最後に、オムツを外す際の注意点を説明します。いずれも要介護者を守るために重要なので、しっかりと確認してください。
女性の場合
女性は尿道と肛門が近く、便が尿道に入って尿路感染症を起こすリスクが高い傾向にあります。感染症を予防するため、清拭は尿道側からお尻側に向かって行ってください。高齢の方の場合、そもそも尿路の防御機能が低下しているため、より注意して洗浄する必要があります。
褥瘡(床ずれ)の確認
要介護者が寝たきりの場合、必ず褥瘡の有無を確認してください。褥瘡が悪化すると皮膚が壊死してしまって穴が開き、骨が露出してしまいます。ここまで悪化すると完治は難しいといわれています。お尻は特に褥瘡ができやすいので、最悪の事態を避けるために忘れずに確認しましょう。
新しいオムツがフィットしている確認
オムツがちゃんと着用できてないと、褥瘡の原因になったり便や尿が漏れることがあります。

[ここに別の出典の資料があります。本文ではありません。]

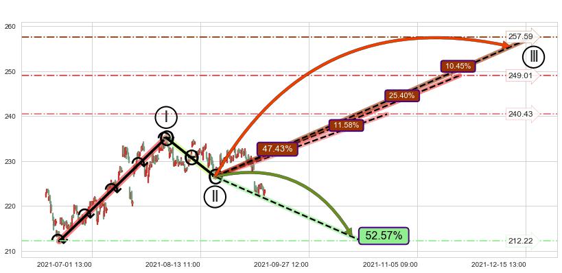 ➢ 【仅预测突破】最后价格:222.93与预测突破价格:230.59→【空间中等】后续最小【整理】第一目标价格→(10-11:12: 249.07 )
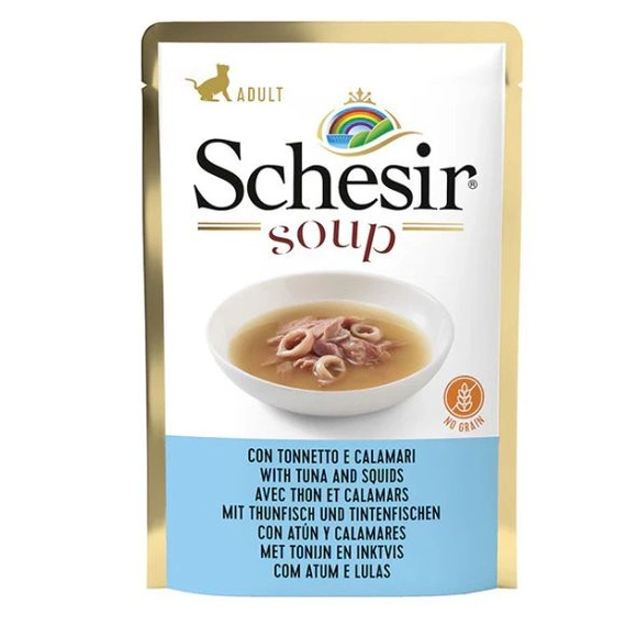 - Schesir mokra karma dla kota z tuńczykiem i kalmarami w bulionie. Naturalny skład, bez zbóż i konserwantów. Wspiera nawodnienie i zdrowie nerek. Idealna jako uzupełnienie diety lub dodatek do karmy suchej.

自分で起き上がれる要介護者だと、オムツの履き心地が悪くて勝手に外してしまうことも。新しいオムツの着用の際には鼠蹊部に沿ってしっかりと付けましょう。動ける要介護者の場合は、テープを下の方に止めてオムツの上部に手のひらが差し込める程度の隙間があるとちょうど良いといわれています。

まとめ
オムツの外し方と注意点を紹介しました。
快適な介護生活を送るために、今回の情報がお役に立てると幸いです。
誰でも最初はオムツ交換に抵抗があります。しかし、抵抗を感じるのは要介護者も同じはずです。慣れないうちに焦りすぎるのは禁物ですが、なるべくスムーズなオムツ交換を心がけましょう。あわせて、要介護者を安心させるための声かけも忘れないでください。